Okay, sure. So let's talk about growth of that launch. I think when we announced start form, you're looking at summarized numbers through time. I think if I showed you the line graph, which I've asked the team to put into our deck so you could see the line, I think you would see that it doesn't really look like it's flattening. It's a steady course, but it's not the same as it was the first few quarters where we had the trial patient on where we were -- and we definitely had some warehouse patients, people lined up and ready to go. But we're seeing a pretty steady, smooth growth to it.

So I just think it's not quite as distinctive a change. But it's not unexpected there would be some slowing. Now what one of our key tenets of the PDL strategy is that we wouldn't run out of docs -- I mean patients that the doctors were seeing because those patients, those PDLs would be finding new patients that our reps have not even gone to. So the idea is to keep the funnel full with investing essentially as many people finding patients as who are doing the sales piece. That's what's unique about the model.

My hope would be if it works out well, it will continue the growth rate because we keep the funnel full of fresh identified patients and doctors. And that's why the prescriber number continues to go up as we keep finding those new doctors and getting them prescribing. So that's sort of the way we see it. And that graph will be put into our deck and you can kind of at least get maybe a greater feel for what it looks like over time. And maybe that'll help manage the question. We don't want to be cagey on that. It's pretty straightforward.

Now on the manufacturing. Contract manufacturing for simple products is definitely more cost-efficient where there's a whole bunch of capacity and you can pick and choose, there's plenty -- you don't have to have a hard time getting to it. Gene therapy has been very competitive. It's also very sophisticated and complex manufacturing, which is -- requires higher standards and performance and people. Our contract manufacturers are doing a fine job and we're moving ahead in the programs. But I think in the long run, for this kind of sophisticated product, we would expect most companies to go to their own manufacturing plant where they control the process, they can control the know-how that will help elevate and improve the productivity, the processes, and allow them to gain efficiencies.

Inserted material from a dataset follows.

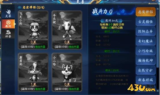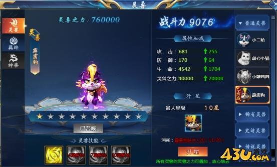 灵兽初始为零星,最大星级为十星。灵兽满星后,会获得1点羁绊点数,羁绊点数达到相应阶段可以激活对应属性加成以及特殊技能。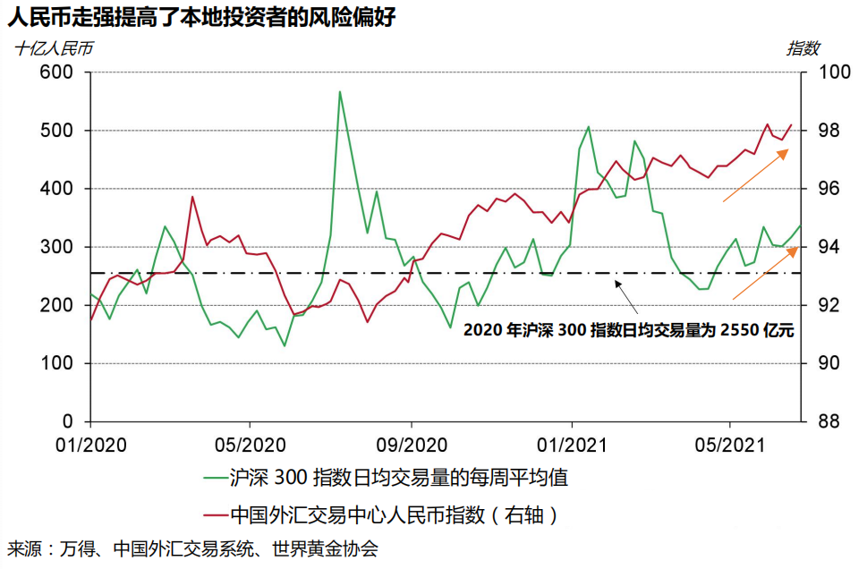 近期这样的差异主要是由于中国投资者的风险偏好高于西方投资者。随着最近CFETS人民币指数(由中国外汇交易中心开发,反映人民币对一篮子货币的稳定性)迅速攀升,强势的本地货币通常会提高本地投资者的风险承受能力,因为这一般意味着本地经济的走强。而更高的风险偏好又推动了国内投资者对于风险资产例如股票等的热情,从而降低了国内投资者们对黄金等避险资产的兴趣。

And since we have 2 pros in the clinic and a third one coming, having our own plant will allow us dramatic efficiencies by being able to run 3 programs essentially in one plant when that plant would go online. If you're running one at a time, maybe you wouldn't have that efficiency, but we have enough in play to make it worthwhile. But it takes some time to put a plant together, and we want to do it well. The contractors work in the meantime, but I would say for an expensive, sophisticated product, you're almost always better off from a cost perspective and a control perspective of running your own manufacturing. If it's simple manufacturing like Mepsevii, contract manufacturing for a fed batch tank type thing, I wouldn't build a plant to do that. There's so many people that can do a nice job for you.

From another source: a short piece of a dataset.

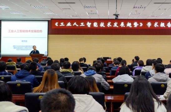 当日下午,柴天佑在人文楼728室以“工业人工智能技术发展趋势”为题为分校师生作学术报告。柴天佑从“智能制造”“挑战的难题”“人工智能与自动化”“工业人工智能”四个方面着手,通过分析离散工业与过程工业的不同特点与发展目标,阐述了以德国工业4.0为代表的智能制造的发展愿景和以实现流程工业高效化与绿色化为目标的流程工业智能优化制造的内涵,指出了智能制造中的挑战问题。柴天佑希望,与会师生通过本次讲座能够充分理解“智慧制造”的意义,在日后的科学研究、个人成长等方面学会运用“智慧”思维,转变思想,改革创新。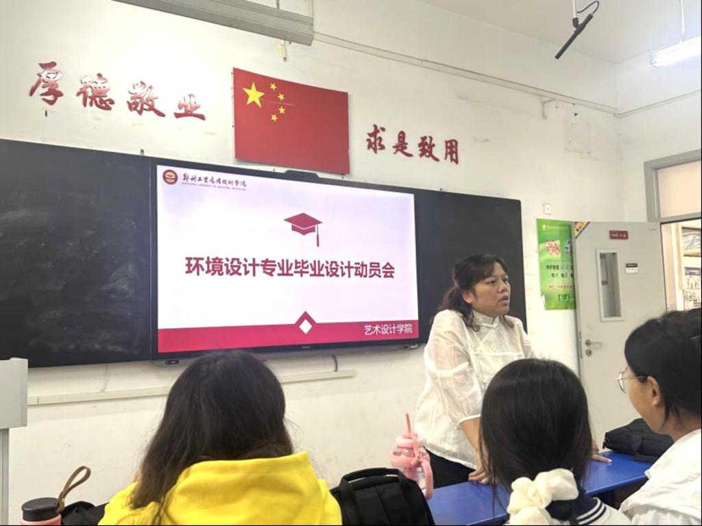 (文/图 韩笑)365VIP英国上市官网环境设计专业于2024年10月17日在艺306教室召开“环境设计专业毕业设计动员会”,环境设计教研室主任郭克景以及全体环境设计专业毕业班员工参加了本次动员会。本次会议的主要目的是动员员工开始毕业设计工作,明确毕业设计的命题方向,强调2025届毕业设计的选题以应用型选题为主,重点围绕“中原文化、黄河文化、黄帝文化”等区域经济文化的发展与传承进行设计。毕业设计应与毕业实习相结合,建议员工选题时选择毕业实习中的参与的工程项目。

--------------------------------------------------------------------------------

Operator [52]

--------------------------------------------------------------------------------

Thank you. I am showing no further questions at this time. I would now like to turn the conference back to Ms. Danielle Keatley.

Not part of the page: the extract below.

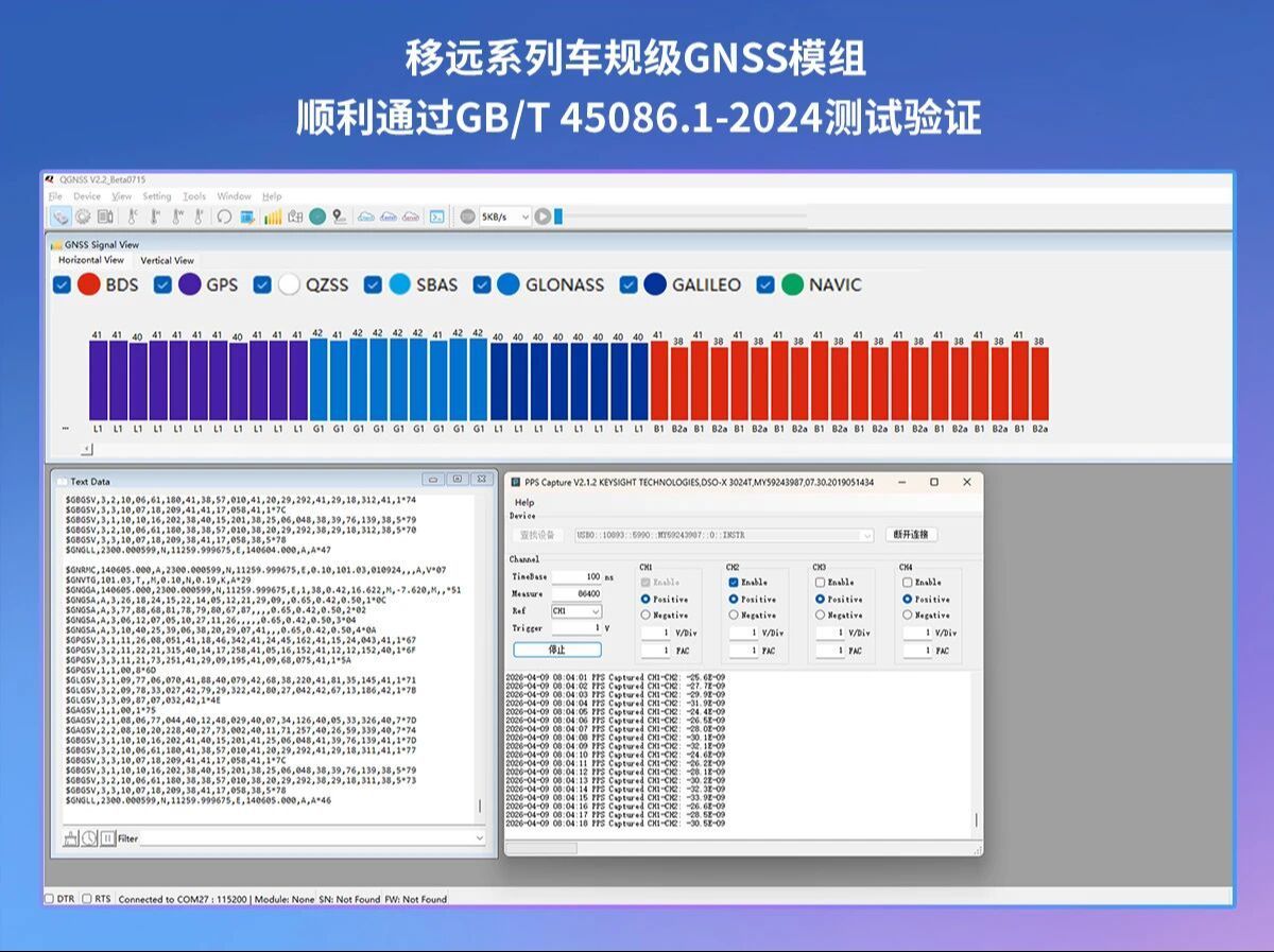 国内物联网龙头企业移远通信旗下多款车规级GNSS(全球导航卫星系统)模组,近日成功通过国家标准GB/T 45086.1-2024全面测试验证。该标准已成为车载定位产品进入市场的核心准入门槛,此次顺利通过验证,标志着移远通信在满足智能网联汽车严苛合规要求方面占据先发优势。

--------------------------------------------------------------------------------

Danielle Keatley, Ultragenyx Pharmaceutical Inc. - Senior Director of IR & Corporate Communications [53]

--------------------------------------------------------------------------------

Thank you for joining us today. This concludes our call and a replay will be available soon. If you have additional questions, please contact us by phone or at ir@ultragenyx.com. Thank you for joining.

--------------------------------------------------------------------------------

Operator [54]

--------------------------------------------------------------------------------

Ladies and gentlemen, this concludes today's conference. Thank you for your participation and have a wonderful day. You may all now disconnect.